Given information:
--- START ---
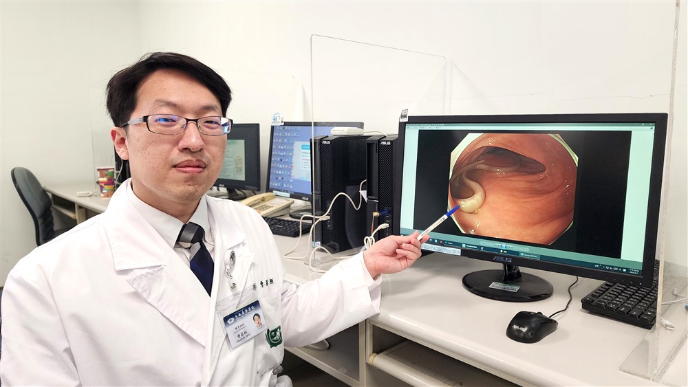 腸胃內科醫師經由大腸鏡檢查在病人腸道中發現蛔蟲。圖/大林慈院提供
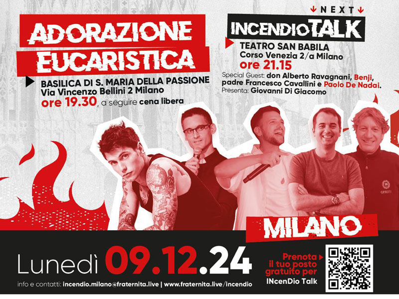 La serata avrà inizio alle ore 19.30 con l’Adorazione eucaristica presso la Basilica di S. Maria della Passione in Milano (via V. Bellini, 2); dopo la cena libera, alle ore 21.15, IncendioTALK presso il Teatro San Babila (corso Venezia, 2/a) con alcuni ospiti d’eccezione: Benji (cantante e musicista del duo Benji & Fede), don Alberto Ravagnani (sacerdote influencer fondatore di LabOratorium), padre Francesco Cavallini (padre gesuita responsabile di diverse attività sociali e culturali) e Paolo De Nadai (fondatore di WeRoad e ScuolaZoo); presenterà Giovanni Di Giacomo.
--- END ---
--- START ---
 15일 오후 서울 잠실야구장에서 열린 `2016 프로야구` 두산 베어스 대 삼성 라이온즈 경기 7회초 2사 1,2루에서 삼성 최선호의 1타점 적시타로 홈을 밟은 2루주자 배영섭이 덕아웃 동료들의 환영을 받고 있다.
--- END ---
--- START ---
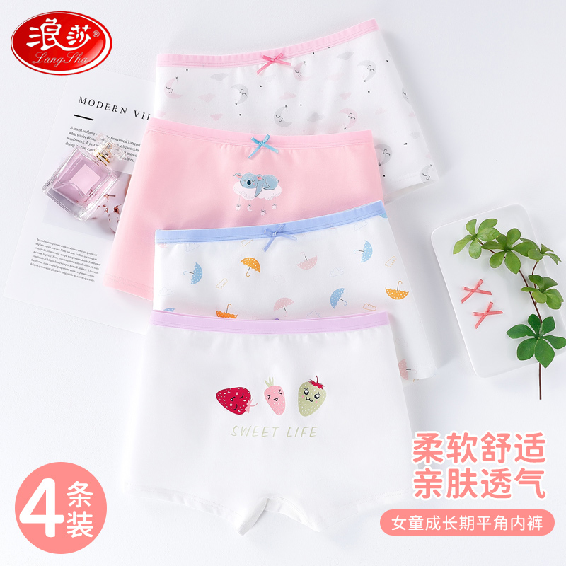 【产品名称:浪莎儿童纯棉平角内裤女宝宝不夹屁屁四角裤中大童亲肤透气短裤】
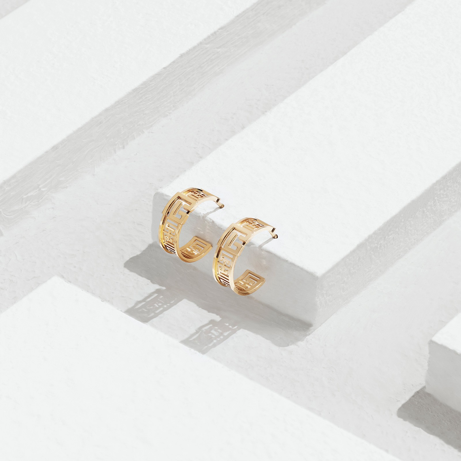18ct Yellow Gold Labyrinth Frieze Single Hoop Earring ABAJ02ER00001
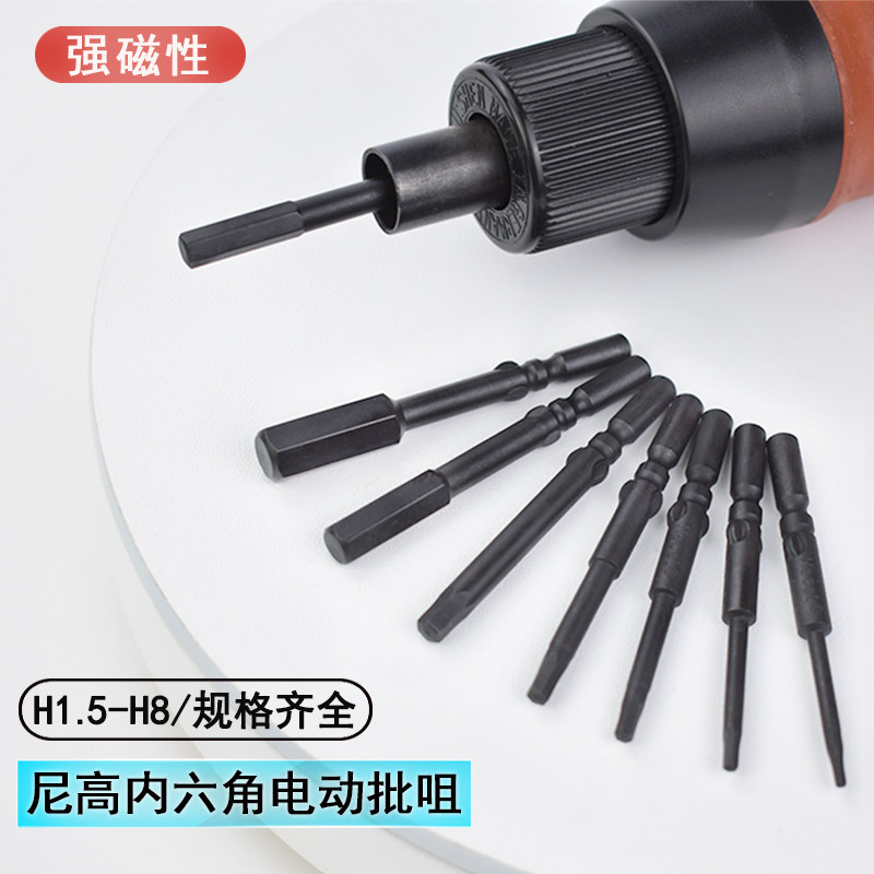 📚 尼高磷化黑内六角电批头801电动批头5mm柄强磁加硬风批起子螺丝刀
--- END ---
Your assignment:
Each line above that falls between the line with "腸胃內科醫師經由大腸鏡檢查在病人腸道中發現蛔蟲。圖/大林慈院提供" and the line with "La serata avrà" should be printed exactly, together with those two lines, but the pictures should not.

Answer box:
 腸胃內科醫師經由大腸鏡檢查在病人腸道中發現蛔蟲。圖/大林慈院提供
 La serata avrà inizio alle ore 19.30 con l’Adorazione eucaristica presso la Basilica di S. Maria della Passione in Milano (via V. Bellini, 2); dopo la cena libera, alle ore 21.15, IncendioTALK presso il Teatro San Babila (corso Venezia, 2/a) con alcuni ospiti d’eccezione: Benji (cantante e musicista del duo Benji & Fede), don Alberto Ravagnani (sacerdote influencer fondatore di LabOratorium), padre Francesco Cavallini (padre gesuita responsabile di diverse attività sociali e culturali) e Paolo De Nadai (fondatore di WeRoad e ScuolaZoo); presenterà Giovanni Di Giacomo.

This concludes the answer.